But today, algorithms curate our inputs. Infinite content streams bypass conscious choice. We absorb not only ideas, but micro-behaviours, emotional cues, addictive loops, and mental habits disguised as entertainment. Modern digital life is installing patches and updates we never asked for.


And all of it is seeping into the deepest layers of human code.



Shareware for the Mind


Much of the software we install today comes in the form of the quickest, cheapest and noisiest content ever produced. Platforms like TikTok, Instagram and YouTube Shorts specialise in micro-programmes that crawl straight into the brain’s reward circuitry. They load instantly and offer a tiny burst of stimulation in exchange for your attention.


We believe we are choosing these clips, but in reality we are responding to scripts that were crafted through behavioural science and refined through billions of data points. They are frictionless because friction slows consumption. They are rapid because slowness encourages reflection. And they are wrapped in a dopamine-rich feedback loop that makes the brain crave the next spike before the current one has even faded.


This is shareware for the human mind - free to install, but costly once you realise what came packaged inside. These micro-programmes bring with them pop ups disguised as trends, adware disguised as influencers and tracking scripts disguised as recommendations.

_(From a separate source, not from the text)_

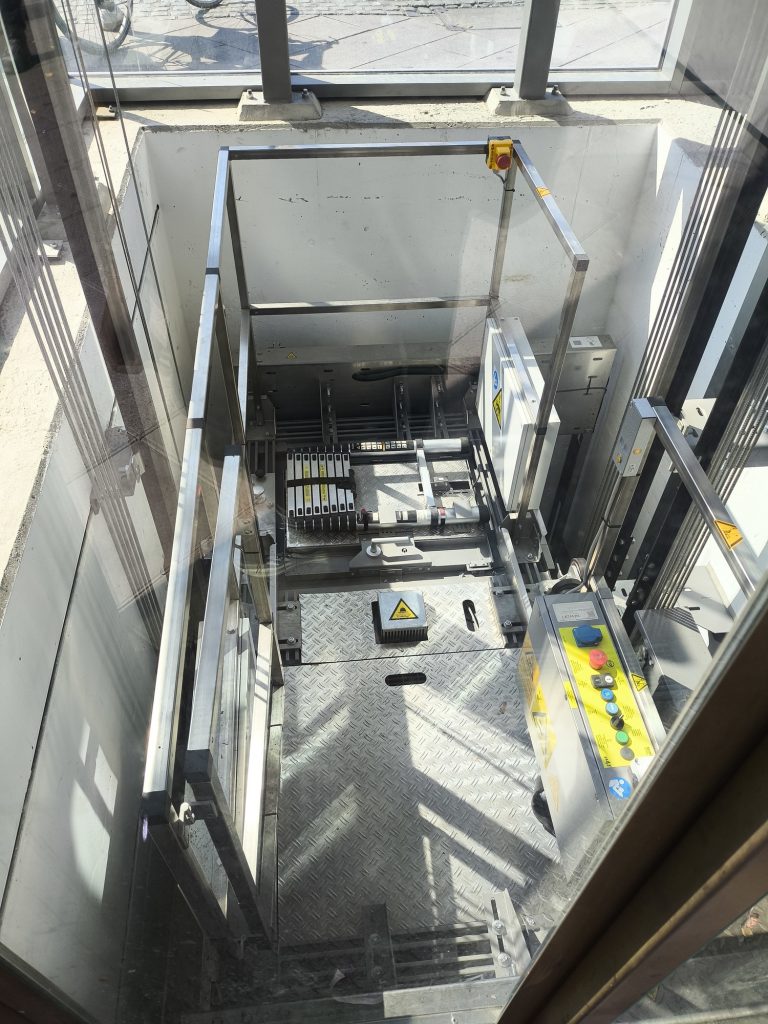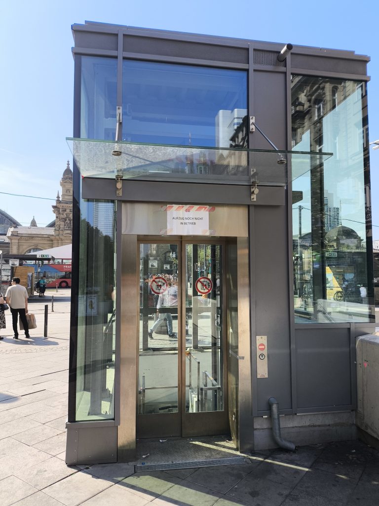 Nach den Vorgaben des Kunden bzw. Architekten wird in der B – Ebene eine sehr anspruchsvolle Glasfassade geplant und umgesetzt, welche bis an die Aufzugsverkleidung heranreicht. Der neue Aufzug an der Kaiserstraße mit einem Mundhaus aus Glas ist modern gestaltet und fügt sich somit gut in das Umfeld der Altbauten am Kaisertor ein. Alle Aufzüge sind so ausgelegt, dass sie die sogenannte EN 81-70 erfüllen. Diese Norm regelt die Zugänglichkeit von Aufzügen für Personen einschließlich Personen mit Beeinträchtigung.

They overwrite deep processes that humans relied on for centuries. Patience. Imagination. Long-form focus. They corrode attention by chopping thought into fragments. They overwhelm the emotional system by delivering too much novelty in too narrow a timeframe. And they dull our ability to tolerate boredom, which has always been the gateway to genuine creativity.


The wet computer was never designed for this. It evolved for a world of slow sensory detail, long stretches of stillness and the gentle rhythm of human conversation—a world where information travelled at the speed of life, not the speed of algorithms.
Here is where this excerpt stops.